WORK INSTRUCTIONS:
Take the entries below and reproduce exactly the portion that begins at the line containing "ヨコ書 50組 10冊" and ends at the line containing "The creative process", keeping both ends, dropping pictures, and adding nothing else.
======== TASK MATERIAL
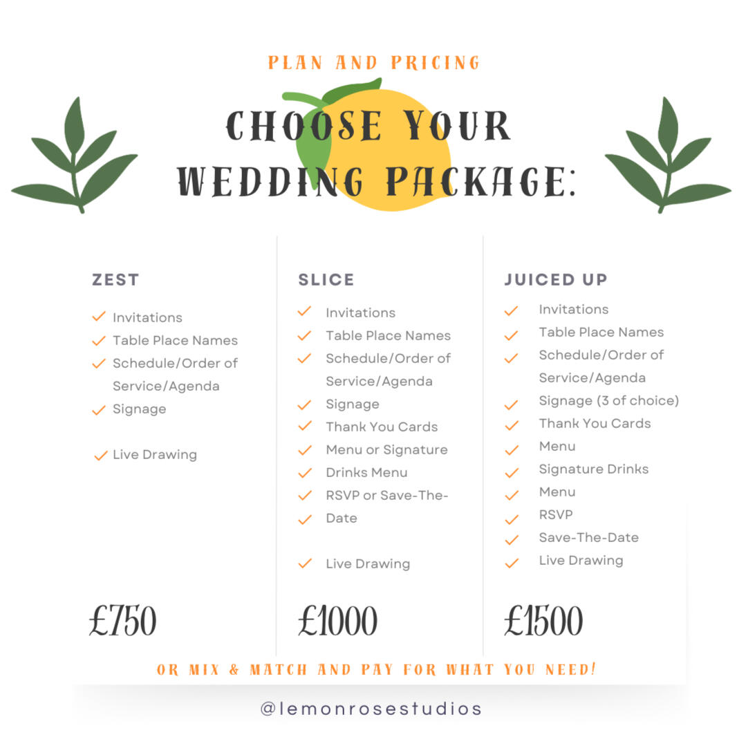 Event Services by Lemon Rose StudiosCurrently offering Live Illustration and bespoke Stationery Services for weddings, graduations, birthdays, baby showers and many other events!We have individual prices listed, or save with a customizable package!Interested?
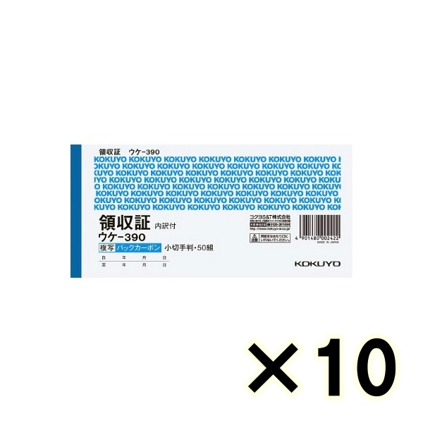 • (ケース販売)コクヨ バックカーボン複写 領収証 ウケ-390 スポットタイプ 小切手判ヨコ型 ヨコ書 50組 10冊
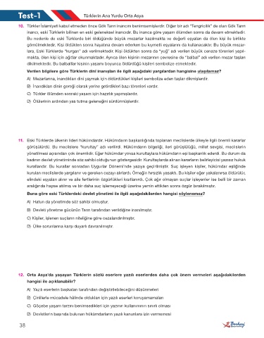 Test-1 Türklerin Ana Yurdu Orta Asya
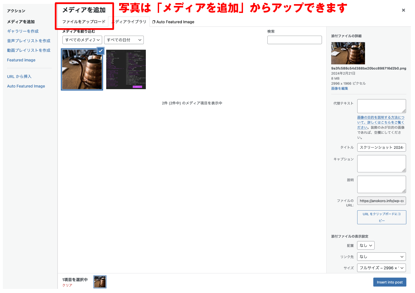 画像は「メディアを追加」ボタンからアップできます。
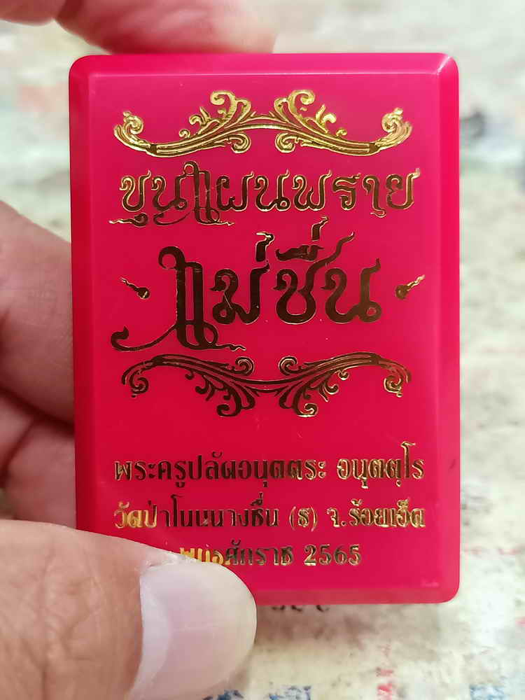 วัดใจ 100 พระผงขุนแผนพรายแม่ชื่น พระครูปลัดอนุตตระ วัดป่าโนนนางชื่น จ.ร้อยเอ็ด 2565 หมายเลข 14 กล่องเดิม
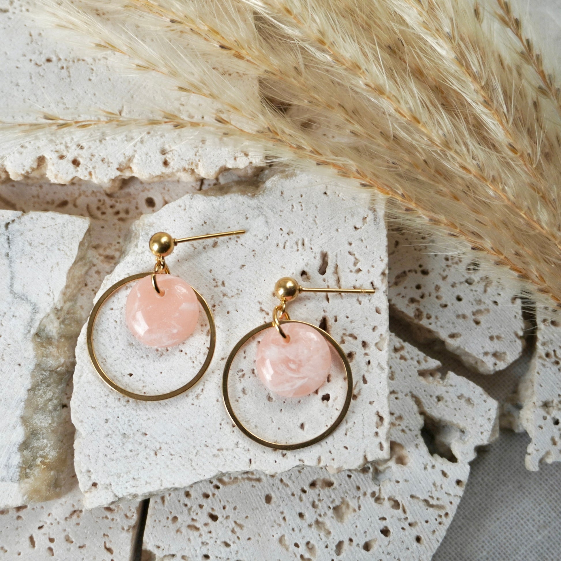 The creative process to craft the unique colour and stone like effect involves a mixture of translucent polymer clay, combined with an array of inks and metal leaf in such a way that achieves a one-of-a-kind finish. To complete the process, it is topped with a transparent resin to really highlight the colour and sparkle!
================
======== TASK MATERIAL
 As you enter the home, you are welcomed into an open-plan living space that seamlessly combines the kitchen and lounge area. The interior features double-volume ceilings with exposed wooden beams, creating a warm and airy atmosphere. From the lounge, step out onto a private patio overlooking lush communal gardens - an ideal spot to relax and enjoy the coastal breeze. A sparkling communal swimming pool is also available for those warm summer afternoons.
================
EXERCISE RESULT:
 • (ケース販売)コクヨ バックカーボン複写 領収証 ウケ-390 スポットタイプ 小切手判ヨコ型 ヨコ書 50組 10冊
 Test-1 Türklerin Ana Yurdu Orta Asya
 画像は「メディアを追加」ボタンからアップできます。
 วัดใจ 100 พระผงขุนแผนพรายแม่ชื่น พระครูปลัดอนุตตระ วัดป่าโนนนางชื่น จ.ร้อยเอ็ด 2565 หมายเลข 14 กล่องเดิม
 The creative process to craft the unique colour and stone like effect involves a mixture of translucent polymer clay, combined with an array of inks and metal leaf in such a way that achieves a one-of-a-kind finish. To complete the process, it is topped with a transparent resin to really highlight the colour and sparkle!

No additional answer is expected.